*** Opening SUPPLIED MATERIAL ***
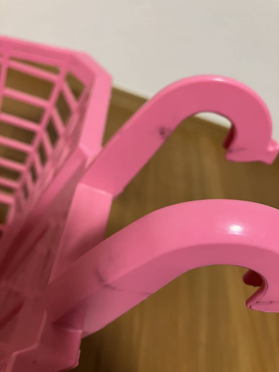 ビビッドピンクな色は珍しいです。付属品完備、画像③左側にスリキズ有り、画像④ウエットティッシュ等ではとれない程度の黒ずみ有り
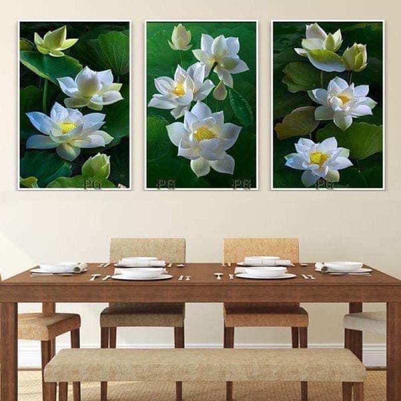 ranh treo tường tráng gương hoa sen và chữa Tâm - Đức - Nhẫn - Kích thước của tranh : Kích thước : 30x60cmx3 tấm - 40x80cmx3 tấm - 50x100cmx3 tấm - Chất liệu :
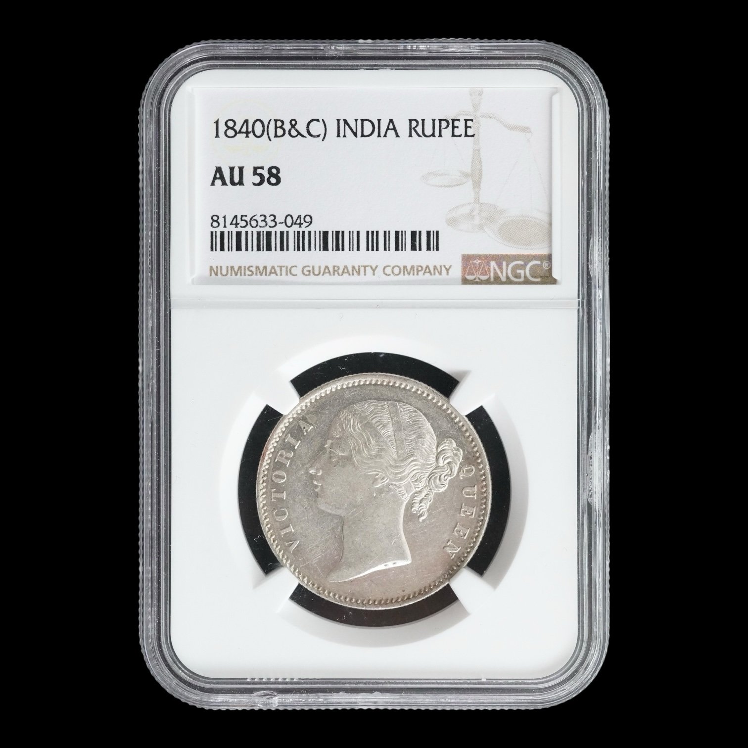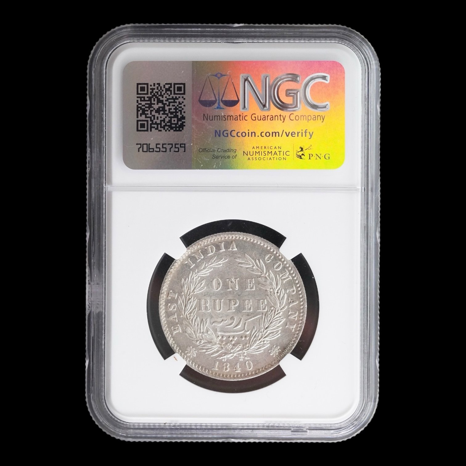• Reverso: Valor ONE RUPEE en el centro, rodeado por guirnaldas y la inscripción EAST INDIA COMPANY.
*** Closing SUPPLIED MATERIAL ***
→ EXERCISE DIRECTIONS: Transcribe the material exactly, and leave out whatever pictures it holds.

→ EXERCISE RESPONSE:
 ビビッドピンクな色は珍しいです。付属品完備、画像③左側にスリキズ有り、画像④ウエットティッシュ等ではとれない程度の黒ずみ有り
 ranh treo tường tráng gương hoa sen và chữa Tâm - Đức - Nhẫn - Kích thước của tranh : Kích thước : 30x60cmx3 tấm - 40x80cmx3 tấm - 50x100cmx3 tấm - Chất liệu :
• Reverso: Valor ONE RUPEE en el centro, rodeado por guirnaldas y la inscripción EAST INDIA COMPANY.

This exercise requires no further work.